In contrast, reduced amounts of DO can affect the growth and development of eggs, as well as the swimming, eating, and reproductive abilities of juveniles [67]. Hypoxia has been demonstrated to delay embryonic growth and hatching in several fish species [68]. Under hypoxia, fish embryos lose their usual synchronization, and a lack of pigmentation along with defects in spinal and vascular development are prevalent [68]. Fertilized eggs take a comparatively large amount of time (96:00–260:00 h) to hatch under hypoxia, with only 4.9% hatching and the remainder dying [69].

The bivariate correlation matrix indicated a significant positive correlation (0.697) between water temperature and air temperature. Water temperature influenced embryonic and larval development, as air temperature and weight in the second canonical function contributed significantly among other variables with moderate loadings, and surface pressure showed a positive correlation with a moderate loading of variance. This explains why temperature and surface pressure had a significant impact on embryonic and larval development. Embryos and larvae are life stages in fish that are highly thermally sensitive. High temperatures accelerate the rate of development, resulting in the appearance of certain structures at smaller larval sizes [70], as has been observed for fin formation and metamorphosis [71,72]. High temperature during embryogenesis induced early hatching, mouth opening, and advanced skeletal ossification at 16 days after hatching in Atractosteus tropicus [73]. Long-lasting effects of early temperature exposure have been identified in metamorphosing gilthead seabreams, including effects such as decreased critical swimming speed and the incidence of caudal fin abnormalities [74].

5. Conclusions

Embryological studies are important for successful and profitable breeding programs, and are indispensable tools, particularly for quality fish seed production for commercial aquaculture. The current study contributes to an advanced knowledge on the identification and characteristics of the morphological developmental stages of stinging catfish larvae, which will play an important role in the preparation of hatchery management manuals for hatchery operators.
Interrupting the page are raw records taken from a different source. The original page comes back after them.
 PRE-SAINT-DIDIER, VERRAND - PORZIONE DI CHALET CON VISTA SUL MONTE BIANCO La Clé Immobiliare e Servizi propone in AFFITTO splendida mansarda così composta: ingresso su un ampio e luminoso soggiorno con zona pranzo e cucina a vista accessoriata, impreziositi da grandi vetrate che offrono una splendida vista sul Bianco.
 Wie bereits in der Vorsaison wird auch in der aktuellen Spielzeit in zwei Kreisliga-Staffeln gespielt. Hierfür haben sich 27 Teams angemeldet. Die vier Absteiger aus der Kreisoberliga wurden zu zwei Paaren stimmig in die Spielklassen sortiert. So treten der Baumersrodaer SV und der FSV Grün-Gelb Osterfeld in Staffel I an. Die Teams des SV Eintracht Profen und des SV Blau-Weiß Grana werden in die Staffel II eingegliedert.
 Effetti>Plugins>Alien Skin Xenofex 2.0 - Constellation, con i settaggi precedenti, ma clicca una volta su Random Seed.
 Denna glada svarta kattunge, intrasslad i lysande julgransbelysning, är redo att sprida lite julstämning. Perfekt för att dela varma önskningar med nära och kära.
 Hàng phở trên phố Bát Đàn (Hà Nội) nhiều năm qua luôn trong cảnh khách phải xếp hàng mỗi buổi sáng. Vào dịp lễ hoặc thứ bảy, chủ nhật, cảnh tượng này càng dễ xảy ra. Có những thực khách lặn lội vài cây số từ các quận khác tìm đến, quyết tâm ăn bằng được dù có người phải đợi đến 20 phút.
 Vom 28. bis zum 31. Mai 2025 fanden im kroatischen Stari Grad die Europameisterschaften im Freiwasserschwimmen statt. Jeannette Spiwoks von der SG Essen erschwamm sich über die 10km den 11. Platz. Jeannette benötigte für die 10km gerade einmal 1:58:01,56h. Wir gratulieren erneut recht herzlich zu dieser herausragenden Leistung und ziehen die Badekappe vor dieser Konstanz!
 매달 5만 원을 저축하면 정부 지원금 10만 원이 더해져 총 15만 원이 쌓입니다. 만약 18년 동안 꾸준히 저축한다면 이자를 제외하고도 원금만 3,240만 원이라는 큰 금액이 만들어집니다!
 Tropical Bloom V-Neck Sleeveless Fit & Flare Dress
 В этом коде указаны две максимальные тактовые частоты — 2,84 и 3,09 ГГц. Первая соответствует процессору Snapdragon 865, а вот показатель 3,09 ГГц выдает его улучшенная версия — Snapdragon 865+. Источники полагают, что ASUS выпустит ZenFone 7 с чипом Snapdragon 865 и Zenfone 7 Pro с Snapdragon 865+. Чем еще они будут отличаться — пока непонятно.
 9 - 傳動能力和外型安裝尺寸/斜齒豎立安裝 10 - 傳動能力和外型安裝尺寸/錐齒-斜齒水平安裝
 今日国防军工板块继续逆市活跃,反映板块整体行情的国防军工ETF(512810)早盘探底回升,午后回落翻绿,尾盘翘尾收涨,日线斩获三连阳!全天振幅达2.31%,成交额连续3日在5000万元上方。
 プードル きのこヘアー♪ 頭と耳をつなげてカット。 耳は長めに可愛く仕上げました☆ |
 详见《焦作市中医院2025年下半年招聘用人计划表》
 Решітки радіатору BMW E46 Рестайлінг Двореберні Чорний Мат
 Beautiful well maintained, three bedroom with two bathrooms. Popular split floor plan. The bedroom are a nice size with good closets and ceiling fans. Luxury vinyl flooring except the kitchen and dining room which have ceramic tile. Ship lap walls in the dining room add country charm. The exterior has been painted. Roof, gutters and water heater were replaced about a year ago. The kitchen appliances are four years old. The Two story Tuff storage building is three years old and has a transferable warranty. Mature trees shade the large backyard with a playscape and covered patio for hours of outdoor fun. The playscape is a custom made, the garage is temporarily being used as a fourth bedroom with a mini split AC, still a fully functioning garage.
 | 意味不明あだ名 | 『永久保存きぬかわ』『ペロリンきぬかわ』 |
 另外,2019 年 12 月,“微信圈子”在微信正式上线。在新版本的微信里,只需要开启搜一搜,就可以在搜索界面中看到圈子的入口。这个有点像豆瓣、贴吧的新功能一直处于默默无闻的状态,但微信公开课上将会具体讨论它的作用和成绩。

Through this research, the various stages of embryonic development are concisely presented with microphotographic images, which will make hatchery management simple, thereby increasing hatchery productivity manifold. Larval and post-larval developmental stages are very well characterized and well described. Finally, canonical correlation analysis was applied to provide detailed statistics on how climatic and water quality parameters were related to larval growth. The knowledge gained through this study of various stages of embryonic and larval development of stinging catfish using photomicrographic methods, image analysis, and the interrelationship between larval growth and climatic and water quality parameters will play an important role in hatchery operations and hatchery productivity in Bangladesh.